Later that day I meet up with John and we stroll in another part of the Imperial Gardens, in awe at the sheer size of this prime location estate in one of the most densely populated cities on the planet. An old man engages the conversation in English. Like the immigration officer, he is interested in knowing “what business we have in his country”. We work in solar energy, we come from San Francisco in California, blah blah blah. Completely out of the blue, the man stares at me and enquires: “Are you gay?” I remain speechless but John cracks up laughing and replies: “No he’s not gay, he’s just French.”
***
That night I am on my own, and I realize how lucky I am to be at the Marriott Hotel: within a few minutes of a random stroll I come across elevated train tracks underneath which restaurants and bars are nestled. The night is dark, steam comes out of vents in the ground, I can’t read any of the signs around me. This feels like a scene in “Bladerunner” – I’m expecting Harrison Ford to pull out his gun and shoot a runaway Replicant any minute now. I pick a restaurant quite randomly and go down the stairs to sit at the bar (like all the others, this place is slightly below ground level because of the train tracks above). Not knowing what I am ordering, I end-up with a big piece of raw tuna fish in my plate, a spoon, chopsticks, and no idea how to eat this thing. A businessman in a suit is sitting alone at the other end of the bar. He stands up, walks to me and in a perfect English he asks if I need help. Yes!!! His trained hands grab the spoon, scoop the tuna meat from the skin and remove the bones in a few surgical motions.
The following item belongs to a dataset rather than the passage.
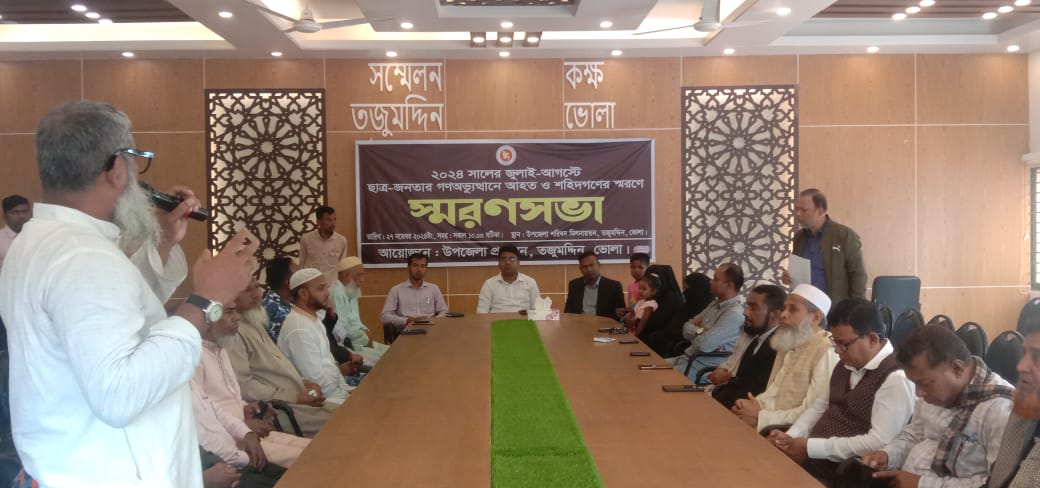 তজুমদ্দিন উপজেলা প্রশাসনের আয়োজনে ভোলার তজুমদিদনে ২০২৪ সালের জুলাই-আগস্টে ছাত্র-জনতার গণঅভ্যুত্থানে আহত ও শহিদগণের স্মরণে “স্মরণসভা” অনুষ্ঠিত হয়েছে। বুধবার (২৭ নভেম্বর) সকাল ১০টায় উপজেলা পরিষদ মিলনায়তনে তজুমদ্দিন উপজেলা নির্বাহি কর্মকর্তা শুভ দেবনাথের সভাপতিত্বে স্মরণসভায় বক্তৃতা করেন, তজুমদ্দিন উপজেলা বিএনপির আহবায়ক গোলাম মোস্তফা মিন্টু, উপজেলা জামায়াতে ইসলামীর আমির মাও. আব্দুর রব, বাংলাদেশ খেলাফত মজলিসের সভাপতি মাও. আব্দুর রাজ্জাক, তজুমদ্দিন থানার অফিসার ইনচার্জ আব্দুল্যাহ আল নোমান, প্রেসক্লাবের যুগ্ম-আহবায়ক ও দৈনিক নয়া দিগন্তের তজুমদ্দিন উপজেলা সংবাদদাতা হেলাল উদ্দিন লিটন, যুগ্ম-আহবায়ক ছাইদুল হক মুরাদ, বাংলাদেশ হিন্দু বৌদ্ধ খ্রিষ্টান ঐক্য পরিষদের সাধারণ সম্পাদক বিধূ ভূষন রায়, ছাত্র অধিকার পরিষদের ভোলা জেলা সহ-সভাপতি হাসনাঈন তানভীর, জুলাই-আগষ্টের গণঅভ্যুত্থানে খুনিদের গুলিতে তজুমদ্দিনের একমাত্র শহীদ মনিরের স্ত্রী রোজিনা বেগম, তার পিতা মোঃ আব্দুল মন্নান, ইসলামিক ফাউন্ডেশনের তজুমদ্দিন উপজেলা কো-অডিনেটর নুরুল ইসলাম, ঢাকা গুলিবিদ্ধ ছাত্র আশ্রাফুল ইসলাম নিশাদ প্রমুখ। অনুষ্ঠানে বক্তারা বলেন, জুলাই-আগষ্টের ছাত্র-জনতার গণঅভ্যুত্থান শুধু বাংলাদেশে নয় পুরো এশিয়া মহাদেশে বৃহত্তর গণঅভ্যুত্থান। ছাত্র-জনতার আন্দোলনে স্বৈরাচারের পতনের মাধ্যমে দেশ দ্বিতীয়বার স্বাধীন হলো। দ্বিতীয়বার স্বাধীনতার মূল কারিগর আহত ও নিহতদের জাতে জাতি ভূলে না যায় সেদিকে সজাগ দৃষ্টি রাখতে হবে।

The Samaritan wishes me good appetite, congratulates me for having chosen this dish, returns to his seat and finishes his dinner as if nothing happened.
***
Walking the streets of Ginza I am filled with mixed emotions. This city is so big, so beautiful, so modern, so clean, so vibrant, so busy, so organized… but a tide of sadness is rising inside me, flooding my soul. Some say that every city can be boiled down to one word, one single thing that captures the essence of the place. For me, the word for Tokyo is ‘order’. And it drives me nuts. I want to scream on top of my lungs, make weird faces, take off my clothes and run around slapping people until they wake up and start acting like human beings, not robots. Instead I just observe, take some beautiful night shots of Ginza and rejoice that I am flying home to San Francisco tomorrow. Tokyo, you are a beautiful and amazing city and I am sure you have a heart too. Maybe 48 hours were too short to find it.